Nun ja, sie ist halt immer ein bisschen schräger und anders als die anderen. Genau das mag ihr diesen Ruf eingetragen haben als ein riesiges Talent, was sie inzwischen bis hin zu ihrer CD „Supermoon“ weiterentwickelt hat. Elektrischer und etwas härter sind ihre Songs geworden. Aber diese überbordende Fantasie, die sowohl textlich als auch musikalisch in ihnen steckt, ist geblieben. Sie singt den Song „Love is not the Answer to everything“ mit der gleichlautenden Refrainzeile und entspricht damit eben gerade nicht den Erwartungen des Showgeschäfts.
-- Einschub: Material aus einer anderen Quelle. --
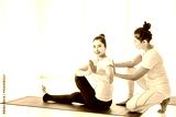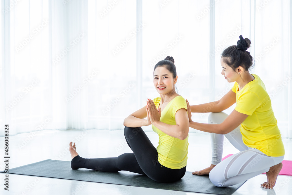 Two young Asian women workout practicing yoga in yellow dress or pose with a trainer and practice meditation wellness lifestyle and health fitness concept in a gym.

Sie singt abwechselnd und sehr selbstverständlich auf Schwyzerdütsch, Deutsch, Französisch und Englisch, was auch ihrer Herkunft als Diplomatentochter geschuldet sein mag. Sie singt im Song „Die ganze Welt“ auch „Ich übe Haltung im Garten mit arbeitslosen Akrobaten“ oder „Ich bin ein Messgerät“, und im Lied „Das Neue“ tönt sie mit ihrer vom naiv Mädchenhaften oft ins fraulich Reife und sogar Scharfe fallenden Stimme „Der Mann ist die neue Frau“ und „Freiheit ist das neue Gefängnis“. Haha. Ein wenig zu selbstverliebt klingt es gelegentlich schon auch.

Schon auch schräge Klangsplitter

Für die Tournee rund um ihr gegenwärtiges Album „Supermoon“ hat sie eine vierköpfige Band, deren Gitarrist schon mal recht schräge Klangsplitter ins Geschehen schickt. Und der Schlagzeuger nimmt oft die raschelnden Besen zur Hand, wozu der Keyboarder ein sehr hörenswertes Horn dazu bläst. Leicht esoterisches Gefärbtes wechselt sich mit Punkartigem, seltsamem Alpengroove, Kammerjazz und Volksliedhaftem ab. Sie lässt durchweg ihre Fantasie spielen und schafft auf diese Weise Songs, die mit einprägsam verschnörkelten Melodien gegen den Strom schwimmen und originell das Eigene betonen.

Im Lied „Spaghetti und Spinat“ gehe es, wie sie sagt, um die „Erniedrigung von schönen Menschen“, wobei der Schalk aus ihren Zeilen lugt. Mal anders. Gerade nicht so, wie erwartet. Genau das gefällt an ihr, das macht das Konzert zu einem Erlebnis – und das wird Sophie Hunger auch im internationalen Rahmen noch weit voran bringen.